# Light green patches



## PALawnGuy5 (Apr 19, 2021)

Hello all. I bought a house 2 years ago and have quickly become addicted to my lawn, trying to make it the best in the neighborhood. 2 years ago i had no idea how to manage the yard so i had an outside company aerate and overseed with tall fescue but was concerned about a few spots in the backyard that peeled up easily (bentgrass or poa triv, i was a newbie and didn't know back then). Last year i overseeded myself after reading a lot on here about contaminated seed from box stores and some lawn companies. My yard is mainly fescue with maybe a little KBR/PRG mixed in. The seed i used was a mix of different cultivars of TTTF.

This year, i have a lot of light green patches popping up in the front yard, completely separate from where i have seen issues before. It looks terrible. Is this young grass from overseeding? Or is this the dreaded Poa Triv? I did rake my yard before overseeding last year and am now concerned that i may have stirred up dormant Poa. The pH of my yard is a little high at 7.2, so i do plan to throw something down to help that, but it has always been a universal dark green color.


----------



## VALawnNoob (Jun 9, 2020)

subscribed as i have the same problem. can you post 2 things?

1. Ligule of the plant
2. the grass seed label

lastly, did you aerate again last year when you overseeded yourself?


----------



## PALawnGuy5 (Apr 19, 2021)

The stem is flat so it's almost impossible to pull it down for a good look at the ligule. Here's a closeup.



I did not aerate again last year. I raked up some dead grass for better seed to soil contact. I put down some peat moss in a few sections that had limited grass coverage to keep the seeds damp.

I pulled through stem back for a better look. Not the best picture.


----------



## Chris1 (Apr 22, 2020)

I have the same issue in the backyard. I sent an email to turf expert, will let you know when I uncover the specific vile weed.

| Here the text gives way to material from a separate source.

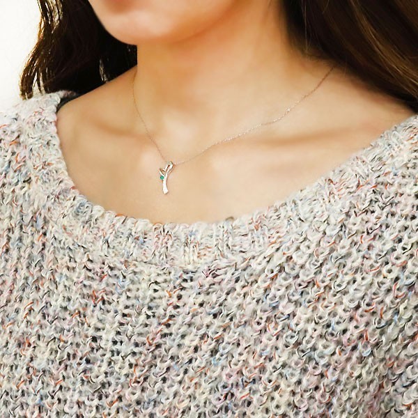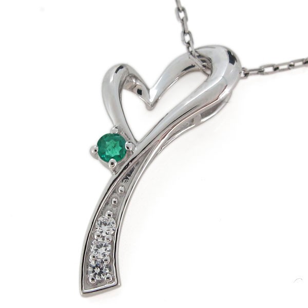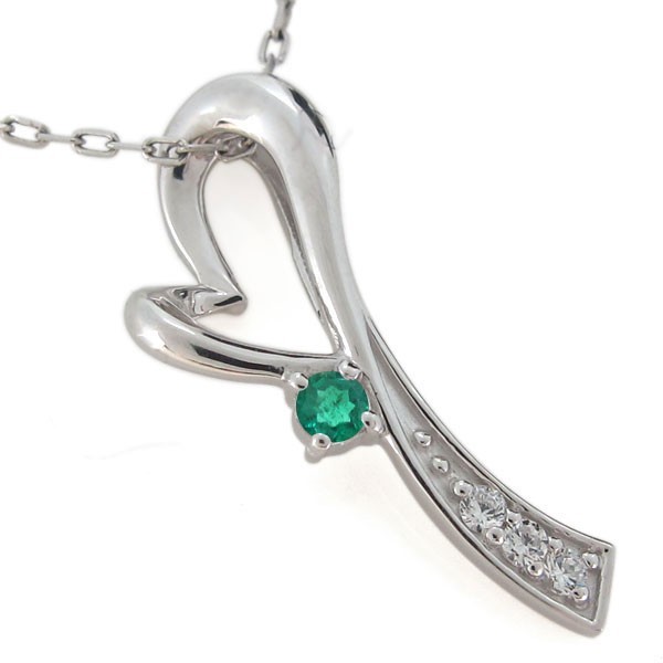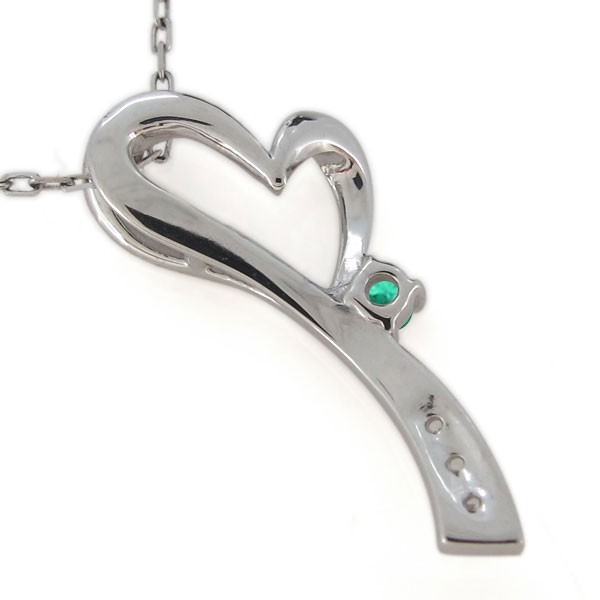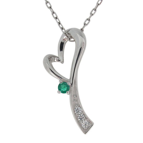 5月誕生石エメラルドを使用したプラチナ製の、ハートモチーフレディースネックレス(ペンダント)です。

My plan is to destroy it one way or another and over seed with elite Rye


----------



## Belgianbillie (Apr 3, 2018)

Thats poa T i am pretty sure. I have it all over. Check later in the year if it gets a bigger membrane.


----------



## PALawnGuy5 (Apr 19, 2021)

I've been watching these lime green patches throughout spring, especially as the hot temps and low rain has scorched the lawn. Many of them started producing seed heads this past week, which Triv doesn't usually do when regularly mowed. I'm think those might be annua and/or something else with the triv just in the few spots i had last year (currently no seed heads, just stringy mats of thin grass).

Pictures of some pulled today.


----------



## 2L8 (Mar 18, 2019)

I'm also quite sure that it is Poa trivialis, forming the light green spots in your lawn. Your description and pictures show what I experienced with Triv the last years. ID Poa tivialis: shallow roots (easy to pull out, except when a bigger plant), light yellowish green, blades shiny on the lower side (older plants sometimes duller), gradually pointed, ligule usually long, but sometimes short. Seed heads are also forming here, now. I think it depends on the age or size of the plant if it produces seed heads or not. When trampled down they are not mowed.


----------



## PALawnGuy5 (Apr 19, 2021)

I've watched the yard all year to see the lime green patches progress. I tore a few up by hand to get better looks. Here's the newest pics.

These particular patches have turned yellow/brown with the heat and lack of rain. I have some larger matted patches i can rip up by hand and expose large sections of just dirt. In other areas, it's sprinkled within good turf grass, but the stringy angel hair like grass blades pull out super easy amongst the fescue. Multiple blades usually come out together. I've seen picture of triv and bentgrass look the same. I still think it's triv from bad quality seed and spread from core aeration but wanted to confirm. I did get tenacity and glyphosate read for fall/spring.


----------